Exercise description: Below is some data. Retype exactly the lines starting at the one with "Kuva 2: Miilu suunnasta NW." and ending at the one with "La Habana, 19".

Exercise inputs:
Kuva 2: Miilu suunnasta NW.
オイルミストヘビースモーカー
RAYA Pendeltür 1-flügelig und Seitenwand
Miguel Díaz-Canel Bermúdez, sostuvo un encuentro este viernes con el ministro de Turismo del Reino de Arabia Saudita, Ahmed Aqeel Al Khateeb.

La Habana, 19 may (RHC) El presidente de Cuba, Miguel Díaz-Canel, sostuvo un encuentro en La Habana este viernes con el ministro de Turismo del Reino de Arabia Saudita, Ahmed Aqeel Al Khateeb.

--

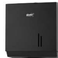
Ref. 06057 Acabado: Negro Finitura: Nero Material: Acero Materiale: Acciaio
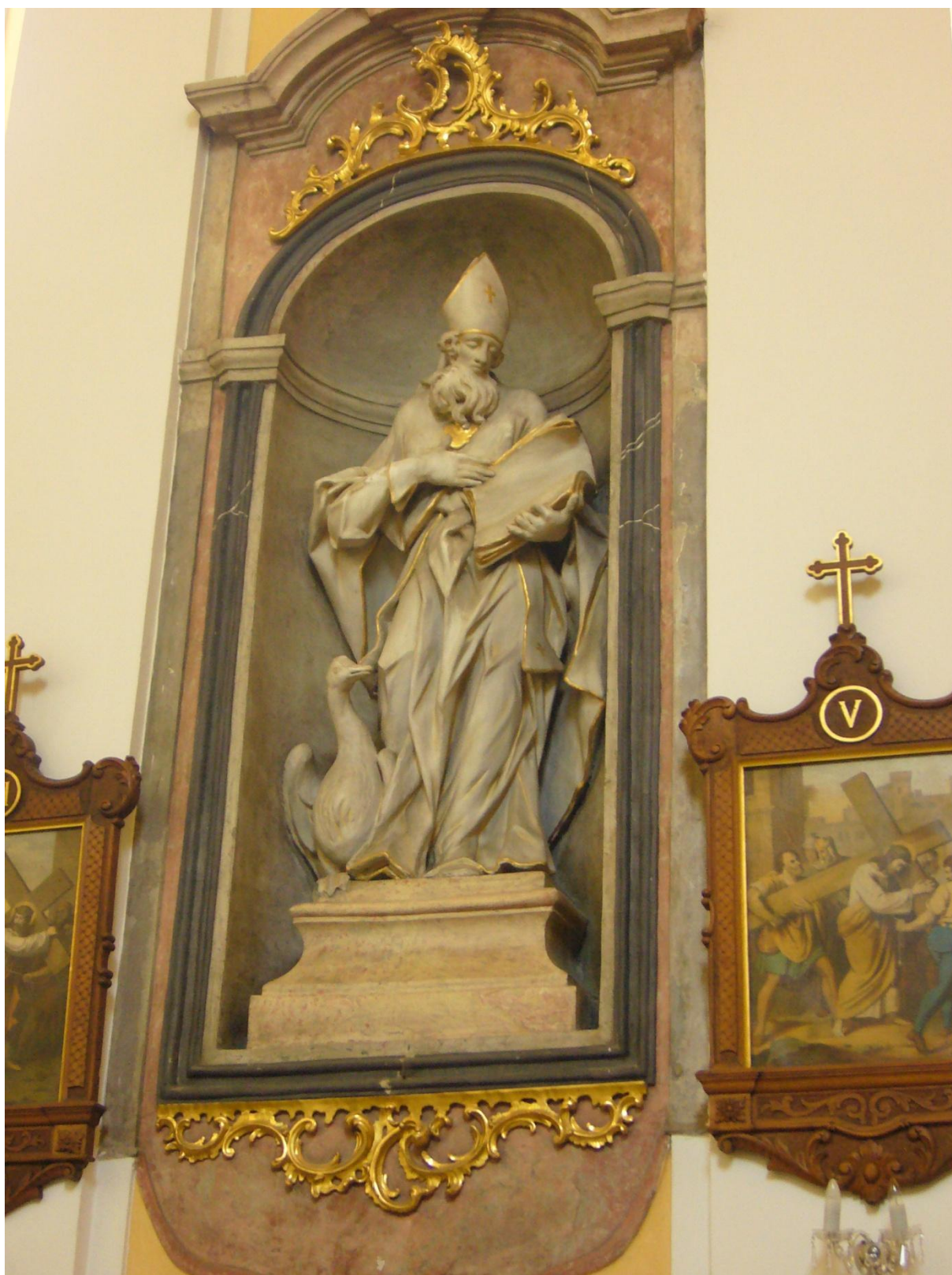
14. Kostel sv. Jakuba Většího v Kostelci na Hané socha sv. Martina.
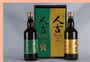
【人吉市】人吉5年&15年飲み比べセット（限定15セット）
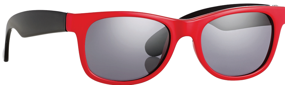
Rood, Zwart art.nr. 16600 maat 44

Written solution:
Kuva 2: Miilu suunnasta NW.
オイルミストヘビースモーカー
RAYA Pendeltür 1-flügelig und Seitenwand
Miguel Díaz-Canel Bermúdez, sostuvo un encuentro este viernes con el ministro de Turismo del Reino de Arabia Saudita, Ahmed Aqeel Al Khateeb.

La Habana, 19 may (RHC) El presidente de Cuba, Miguel Díaz-Canel, sostuvo un encuentro en La Habana este viernes con el ministro de Turismo del Reino de Arabia Saudita, Ahmed Aqeel Al Khateeb.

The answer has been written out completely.